The prosecution alleged that in 1995, AAA had a romantic relationship with
Melgar, which resulted in the birth of BBB, an illegitimate child. Melgar freely
acknowledged the paternity of BBB as evidenced by the latter’s Certificate of
Live Birth, as well as numerous photographs showing Melgar with BBB.
However, AAA’s relationship with Melgar turned sour as the latter had an
affair with a younger woman. When BBB was just about one (1) year old,
Melgar stopped giving support, prompting AAA to file a case for support,
which was eventually granted. This notwithstanding, Melgar still refused to
give support for her and BBB. As such, AAA was constrained to file the instant
criminal case against Melgar.

To substantiate her claims, AAA averred that Melgar could afford to provide
support of P8, 000.00 per month because he has a lavish lifestyle with his
family. He owns a Toyota Avanza and his children are enrolled in.

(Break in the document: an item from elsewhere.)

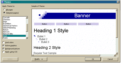 3. يظهر مربع Theme ومنه نقوم باختيار النمط الذي نريد تطبيقه على صفحة واحدة أو على كل الصفحات ثم نضغط على زر Ok .

On the
other hand, her son, BBB, is a scholar at and she spends the amount of
P20,000.00 a month for his needs, of which she asked Melgar for P8,000.00
as support.

For his part, Melgar was deemed to have waived his right to adduce evidence
due to his repeated failure to appear during trial.

ISSUE:

Whether or not the CA correctly upheld Melgar’s conviction for violation of


Section 5 € of RA 9262.

RULING:

The petition is bereft of merit.

Enacted in 2004, RA 9262 is a landmark legislation that defines and


criminalizes acts of violence against women and their children (VAWC)
perpetrated by women’s intimate partners, i.e., husband, former husband, or
any person who has or had a sexual or dating relationship, or with whom the
woman has a common child, or against her child whether legitimate or
illegitimate, within or without the family abode, which result in or is likely to
result in, inter alia, economic abuse.
In this case, the courts a quo correctly found that all the elements of violation
of Section 5 € of RA 9262 are present, as it was established that: (a) Melgar
and AAA had a romantic relationship, resulting in BBB’s birth; (b) Melgar
freely acknowledged his paternity over BBB; (c) Melgar had failed to provide
BBB support ever since the latter was just a year old; and (d) his intent of not
supporting BBB was made more apparent when he sold to a third party his
property which was supposed to answer for, among others, his support-in-
arrears to BBB. Thus, the Court finds no reason to deviate from the factual
findings of the trial court, as affirmed by the CA, as there is no indication that it
overlooked, misunderstood or misapplied the surrounding facts and
circumstances of the case. In fact, the trial court was in the best position to
assess and detennine the credibility of the witnesses presented by both
parties and, hence, due deference should be accorded to the same.